### Exercise
Return all lines in the data where the string "made" can be found.

-- Source records follows --

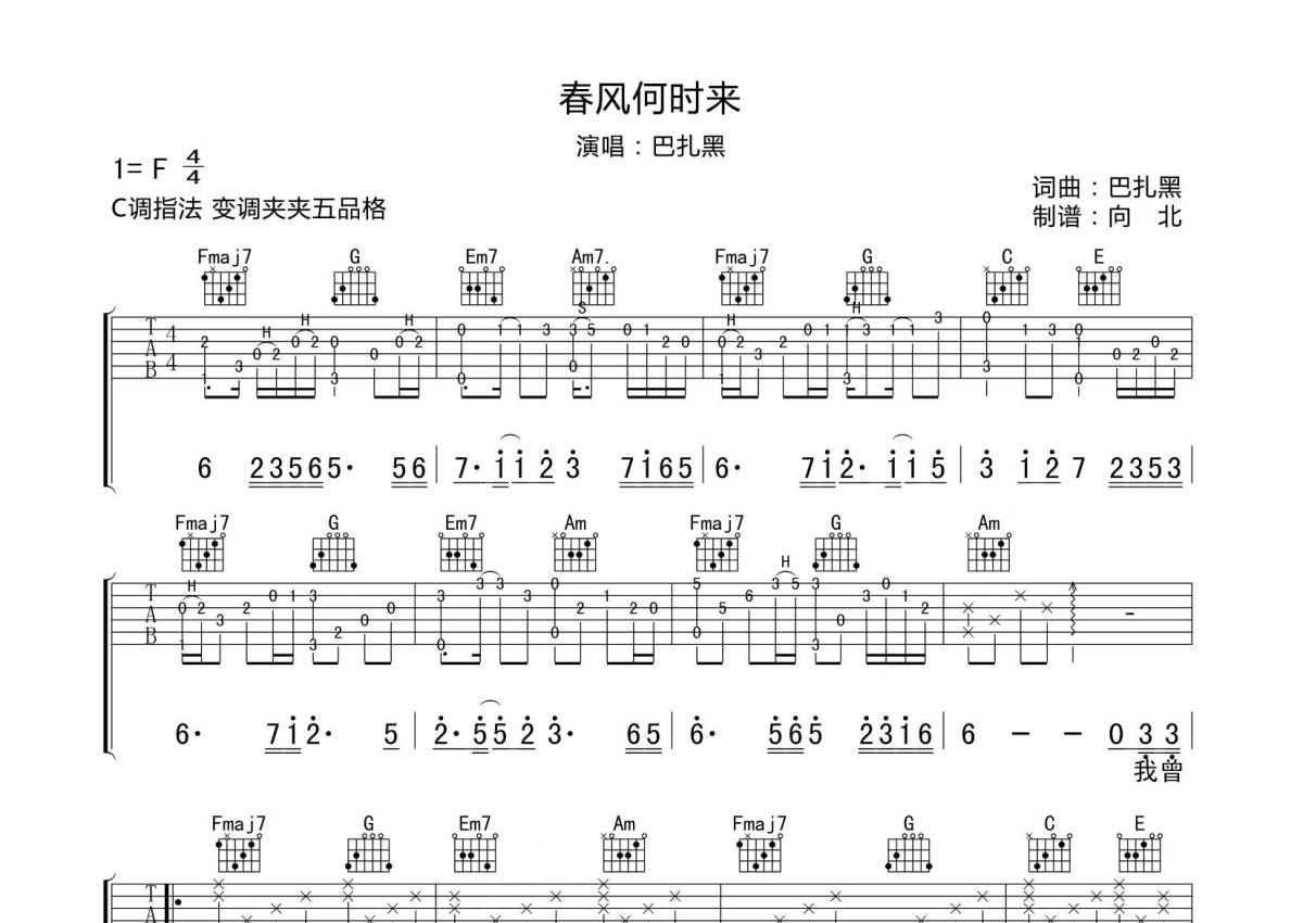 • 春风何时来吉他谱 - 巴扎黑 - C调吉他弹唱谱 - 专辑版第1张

-- Source records concluded --
-- Source records follows --

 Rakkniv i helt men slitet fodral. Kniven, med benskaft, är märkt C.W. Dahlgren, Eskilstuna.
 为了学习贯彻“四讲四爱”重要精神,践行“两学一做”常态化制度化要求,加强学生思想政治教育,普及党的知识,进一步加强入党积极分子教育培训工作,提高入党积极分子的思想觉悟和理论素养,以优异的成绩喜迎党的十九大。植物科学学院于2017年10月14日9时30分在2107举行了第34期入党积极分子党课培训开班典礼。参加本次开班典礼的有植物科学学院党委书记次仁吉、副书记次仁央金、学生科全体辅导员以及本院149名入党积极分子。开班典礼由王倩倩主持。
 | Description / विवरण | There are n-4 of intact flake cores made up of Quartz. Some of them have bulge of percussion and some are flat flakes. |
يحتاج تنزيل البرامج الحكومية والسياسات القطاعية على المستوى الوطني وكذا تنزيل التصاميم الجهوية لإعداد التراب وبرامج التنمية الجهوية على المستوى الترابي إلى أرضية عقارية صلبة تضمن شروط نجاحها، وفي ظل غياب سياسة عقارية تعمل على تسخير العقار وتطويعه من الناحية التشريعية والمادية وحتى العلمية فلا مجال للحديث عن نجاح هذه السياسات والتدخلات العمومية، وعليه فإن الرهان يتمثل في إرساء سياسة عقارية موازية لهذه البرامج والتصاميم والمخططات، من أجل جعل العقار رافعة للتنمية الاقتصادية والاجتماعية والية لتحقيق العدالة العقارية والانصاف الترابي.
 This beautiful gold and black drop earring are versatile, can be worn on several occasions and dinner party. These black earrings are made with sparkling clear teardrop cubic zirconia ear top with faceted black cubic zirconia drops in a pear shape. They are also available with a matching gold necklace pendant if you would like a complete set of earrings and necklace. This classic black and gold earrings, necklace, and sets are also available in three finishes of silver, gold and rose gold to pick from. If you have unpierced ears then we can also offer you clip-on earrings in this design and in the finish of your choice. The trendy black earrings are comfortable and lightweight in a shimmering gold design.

-- Source records concluded --

### Task output
 | Description / विवरण | There are n-4 of intact flake cores made up of Quartz. Some of them have bulge of percussion and some are flat flakes. |
 This beautiful gold and black drop earring are versatile, can be worn on several occasions and dinner party. These black earrings are made with sparkling clear teardrop cubic zirconia ear top with faceted black cubic zirconia drops in a pear shape. They are also available with a matching gold necklace pendant if you would like a complete set of earrings and necklace. This classic black and gold earrings, necklace, and sets are also available in three finishes of silver, gold and rose gold to pick from. If you have unpierced ears then we can also offer you clip-on earrings in this design and in the finish of your choice. The trendy black earrings are comfortable and lightweight in a shimmering gold design.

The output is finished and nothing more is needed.